» **Collected data**
··········
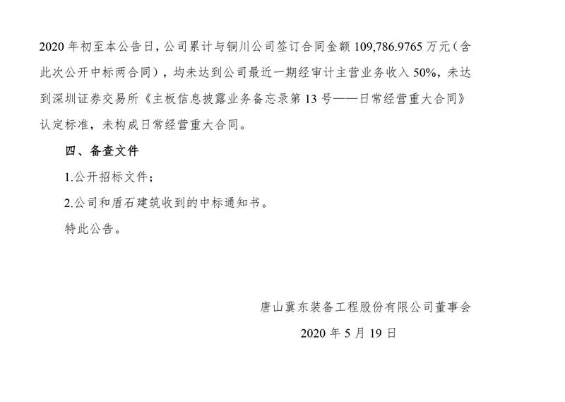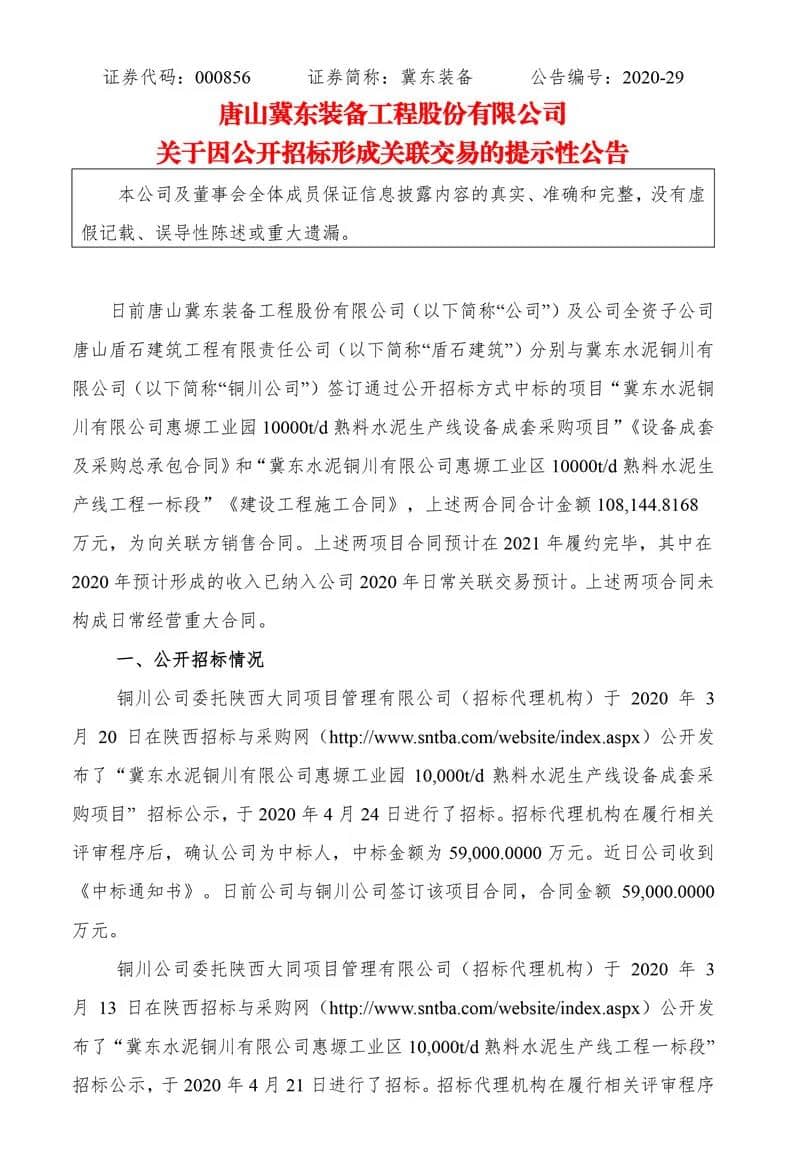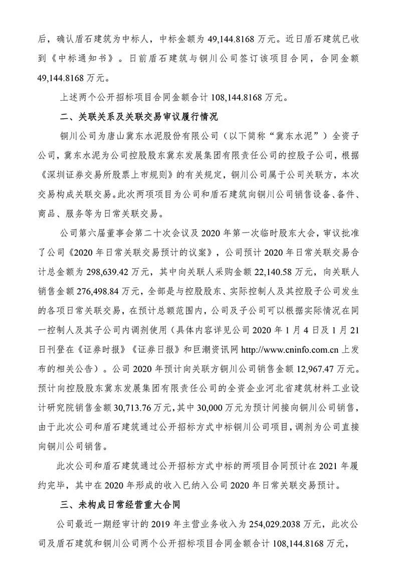 冀东装备公布,日前公司及公司全资子公司唐山盾石建筑工程有限责任公司(“盾石建筑”)分别与冀东水泥铜川有限公司签订通过公开招标方式中标的项目“冀东水泥铜川有限公司惠塬工业园10000t/d熟料水泥生产线设备成套采购项目”《设备成套及采购总承包合同》和“冀东水泥铜川有限公司惠塬工业区10000t/d熟料水泥生产线工程一标段”《建设工程施工合同》,上述两合同合计金额10.81亿元,为向关联方销售合同。上述两项目合同预计在2021年履约完毕,其中在2020年预计形成的收入已纳入公司2020年日常关联交易预计。 资料图:冀东水泥 (来源:上市企业公告)
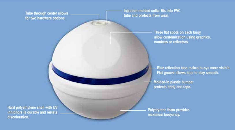 The hard polyethylene shell has UV inhibitors to keep it looking new. Polystyrene foam fills the shell to provide maximum buoyancy. A PVC tube is molded through the center of the buoy to allow for different hardware options. An injection-molded collar captures the tube on each end and protects the buoy from wear.
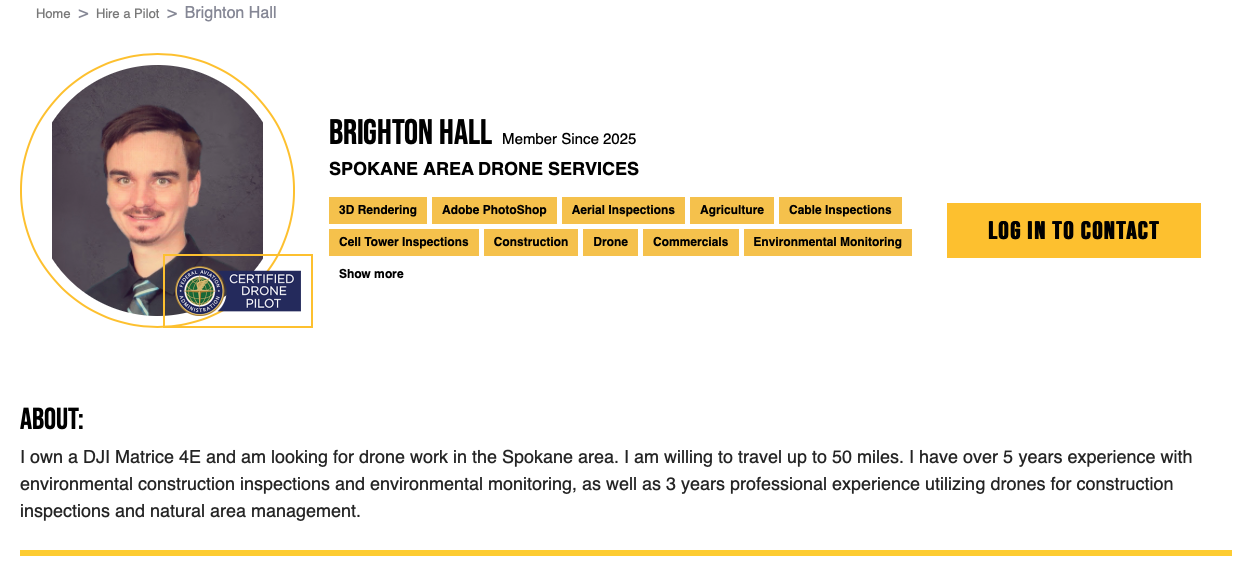 The biggest mistake pilots make here is just putting, “Pilot, Part 107”. Sell yourself and be truthful. Tell the potential clients about your services that you offer and if you speak another language apart from English let them know. It can sometimes make the difference between being hired or not. Also, don’t write your life story up there, keep your info to around 150/200 words. Here is an example of one of our pilots “About” sections that works. Direct and to the point:
··········
» **Work order**
Pictures are skipped here. Print exactly, and only, the lines from the one holding "The hard polyethylene" through the final line of the material above, both ends included.

» **Response to this task**
 The hard polyethylene shell has UV inhibitors to keep it looking new. Polystyrene foam fills the shell to provide maximum buoyancy. A PVC tube is molded through the center of the buoy to allow for different hardware options. An injection-molded collar captures the tube on each end and protects the buoy from wear.
 The biggest mistake pilots make here is just putting, “Pilot, Part 107”. Sell yourself and be truthful. Tell the potential clients about your services that you offer and if you speak another language apart from English let them know. It can sometimes make the difference between being hired or not. Also, don’t write your life story up there, keep your info to around 150/200 words. Here is an example of one of our pilots “About” sections that works. Direct and to the point:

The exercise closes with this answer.